§ Data provided:
·····

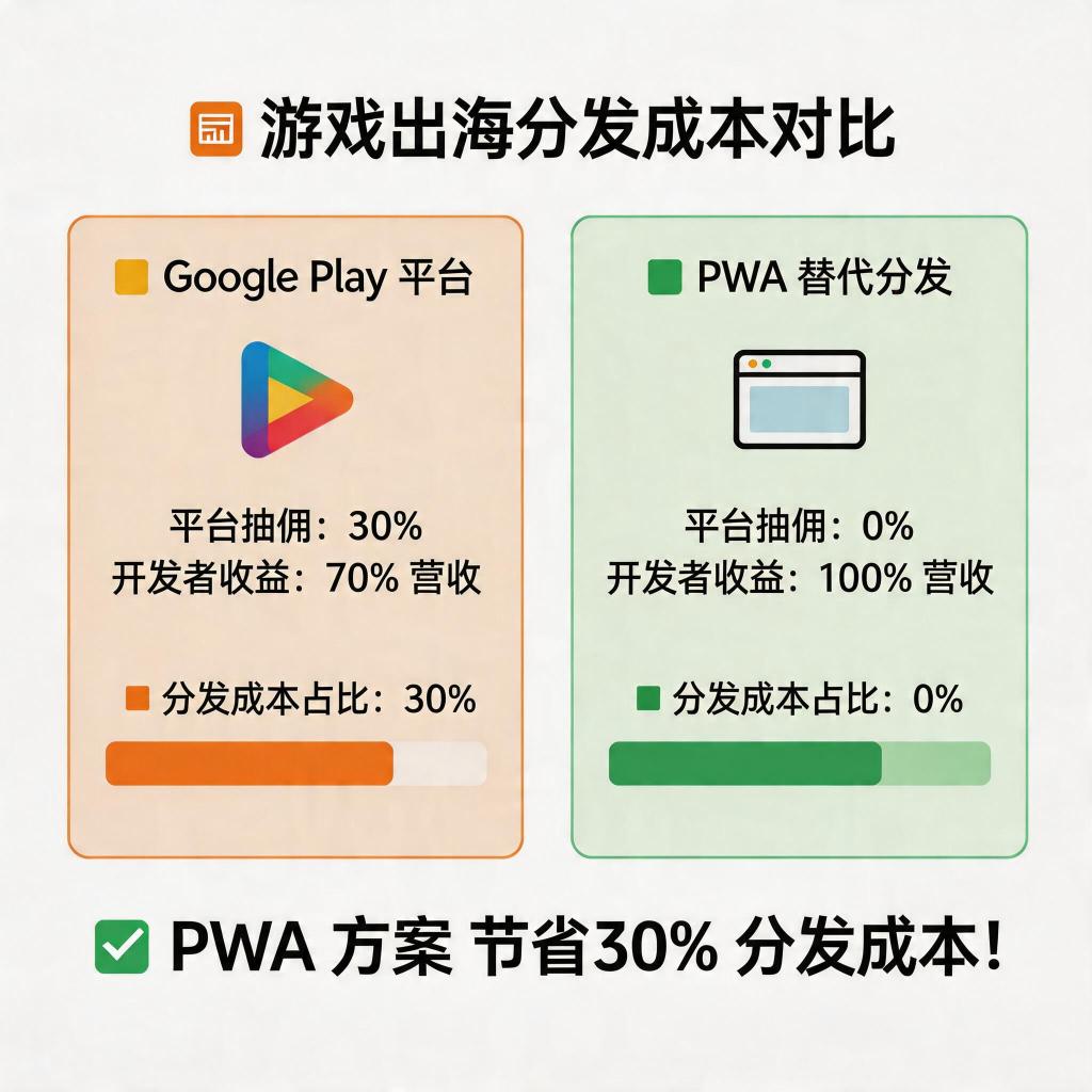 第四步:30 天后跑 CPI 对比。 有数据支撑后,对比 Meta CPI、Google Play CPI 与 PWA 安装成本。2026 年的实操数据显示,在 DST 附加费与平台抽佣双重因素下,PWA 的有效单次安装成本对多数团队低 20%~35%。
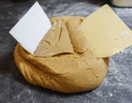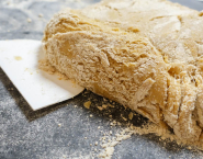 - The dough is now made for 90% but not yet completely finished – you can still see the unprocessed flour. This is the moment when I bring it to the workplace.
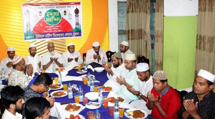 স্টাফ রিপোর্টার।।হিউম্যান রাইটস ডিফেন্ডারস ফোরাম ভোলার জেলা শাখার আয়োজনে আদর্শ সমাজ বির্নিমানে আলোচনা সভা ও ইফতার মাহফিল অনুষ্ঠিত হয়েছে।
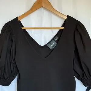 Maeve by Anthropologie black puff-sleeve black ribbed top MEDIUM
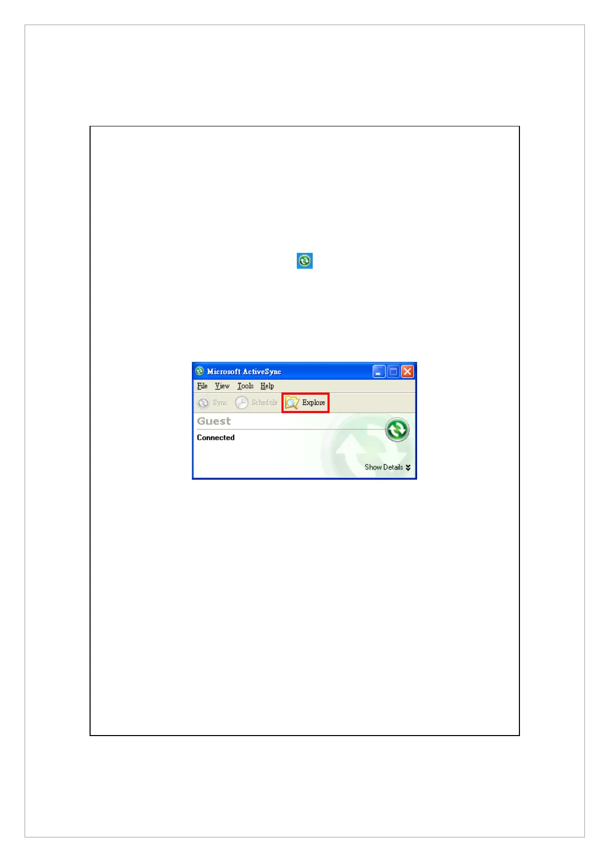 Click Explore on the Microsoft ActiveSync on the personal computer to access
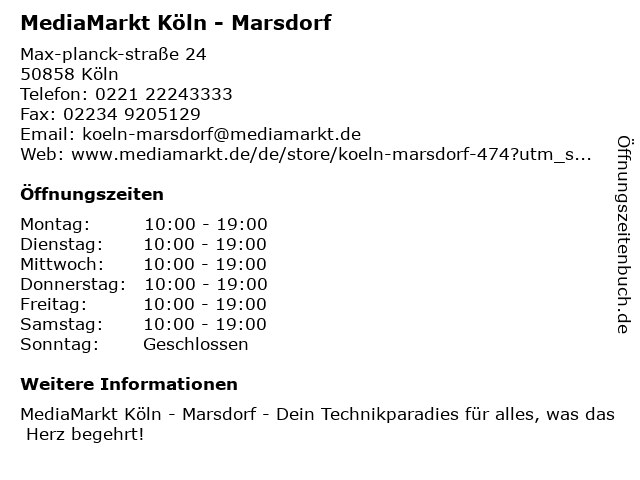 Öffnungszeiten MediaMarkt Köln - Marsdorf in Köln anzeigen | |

·····

Repeat the whole of the material above exactly, but keep the pictures out.

§ Task response:
 第四步:30 天后跑 CPI 对比。 有数据支撑后,对比 Meta CPI、Google Play CPI 与 PWA 安装成本。2026 年的实操数据显示,在 DST 附加费与平台抽佣双重因素下,PWA 的有效单次安装成本对多数团队低 20%~35%。
 - The dough is now made for 90% but not yet completely finished – you can still see the unprocessed flour. This is the moment when I bring it to the workplace.
 স্টাফ রিপোর্টার।।হিউম্যান রাইটস ডিফেন্ডারস ফোরাম ভোলার জেলা শাখার আয়োজনে আদর্শ সমাজ বির্নিমানে আলোচনা সভা ও ইফতার মাহফিল অনুষ্ঠিত হয়েছে।
 Maeve by Anthropologie black puff-sleeve black ribbed top MEDIUM
 Click Explore on the Microsoft ActiveSync on the personal computer to access
 Öffnungszeiten MediaMarkt Köln - Marsdorf in Köln anzeigen | |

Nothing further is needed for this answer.